The choir boys were dressed in black and appeared dark. They later became the hunters. This symbolises darkness and evil within the hunters.
About jack: They knew very well why he hadn’t [killed the piglet]: because of the enormity of the knife descending and
cutting into living flesh; because of the unbearable blood.
Jack has not yet transformed into a ruthless killer and savage. His next attempt to kill shows his transition from the first failed attempt.
About Piggy: “with the martyred expression of a parent”
Presents piggy as a mature and rational parent. The use of “Martyred” foreshadows the death of piggy, and how he sacrifices himself for the greater good.

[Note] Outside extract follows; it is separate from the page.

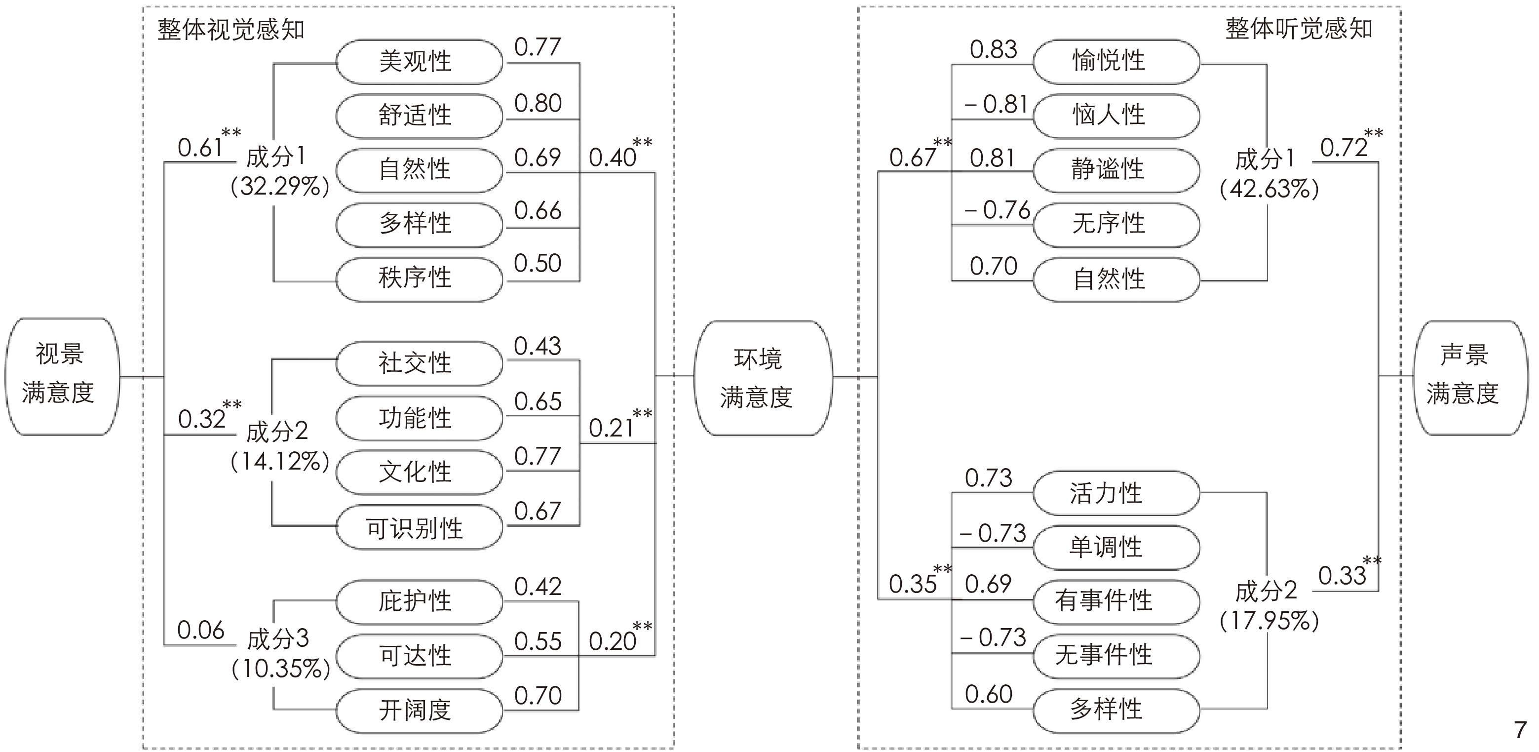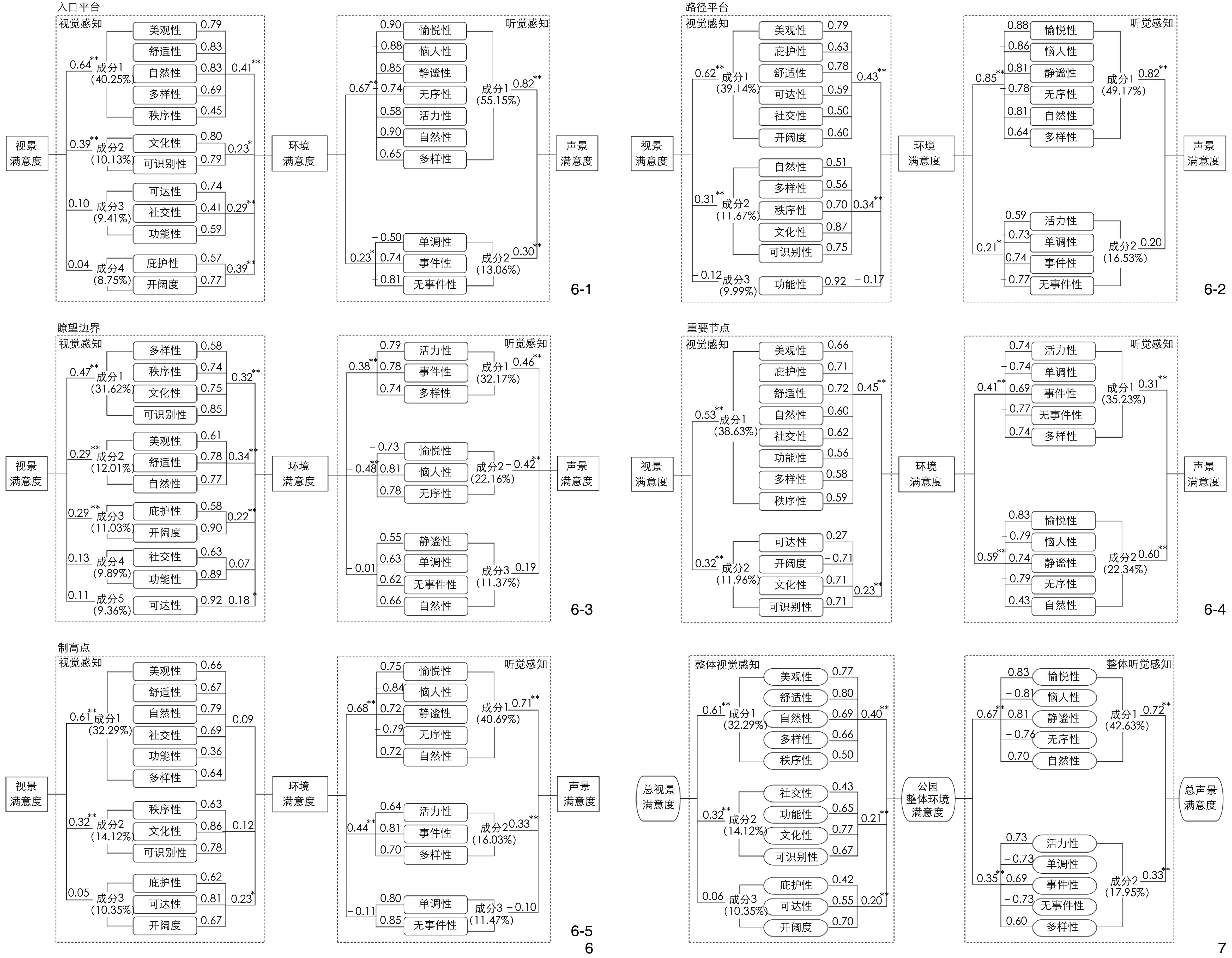 | 视觉感知与视景满意度 | 舒适性 | 0.88 | 0.72** | 1.46 | 0.69** | 1.67 | 0.65** | 1.50 | 0.39** | 1.85 | 0.67** | 1.47 | 1 | ||||

Jack says: I agree with Ralph. We’ve got to have rules and obey them. After all, we’re not savages. We’re English, and the English are best at everything. So we’ve got to do the right things.
Irony which portrays the facade of civility cloaking Jack and the boys.
Jack says: We’ll have rules… then when anyone breaks ‘em - / Bollocks to the rules
Ironic as Jack was keen on rules yet was the main culprit of wrecking them
On Jack and Ralph: They walked along, two continents of experience and feeling, unable to communicate.
Suggests the hatred existing between Jack and Ralph and their status as pillars of opposing ideologies.
About Jack: became less a hunter than a furtive thing, ape-like among the tangle of trees
Captures the essence of Jack’s transformation into an animalistic, tribalistic savage.
About Jack: He tried to convey the compulsion to track down and kill that was swallowing him up.
Portray’s Jack submitting to his primal urges - his savage nature is gradually corrupting his mind,
Jack says: If you’re hunting sometimes… you can feel as if you’re not hunting, but – being hunted, as if something’s behind you all the time in the jungle.
Suggests the liberating and transcendent experience that hunting provides to Jack - an experience which catalyses his descent into savagery.
About Roger: Here, invisible yet strong, was the taboo of the old life. Round the squatting child was the protection of parents and school and policemen and the law. Roger’s arm was conditioned by a civilization that knew nothing of him and was in ruins.
Roger’s attachment to his former life of order and his association of actions to consequences is the only thing which stops him from becoming a savage who solely follows his instinctive desires.
On Jack’s ‘mask’: …the mask was a thing on its own, behind which Jack hid, liberated from shame and self-consciousness.
Highlights the staggering influence of the painted faces as catalysts which allowed Jack and his hunters to lose their former civility without any sense of personal shame due to losing their connections to their former identities.
Ralph’s thoughts: If faces where different when lit from above or below – what was a face? What was anything?
Their faces are a symbol of their humanity and identity, Ralph questions “What was a face?” which shows the liberation that the boys experience by hiding their faces.
Ralph says: Things are breaking up. I don’t understand why. We began well; we were happy. And then – …then people started getting frightened.
Portrays the inexplicable fear that plagued the boys and caused their descent into savagery.
Piggy says: I know there isn’t no beast – not with claws and all that, I mean – but I know there isn’t no fear either … Unless –… Unless we get frightened of people.
Piggy theorises the beast’s true nature as the paranoia that lingers in the minds rather than a literal monster.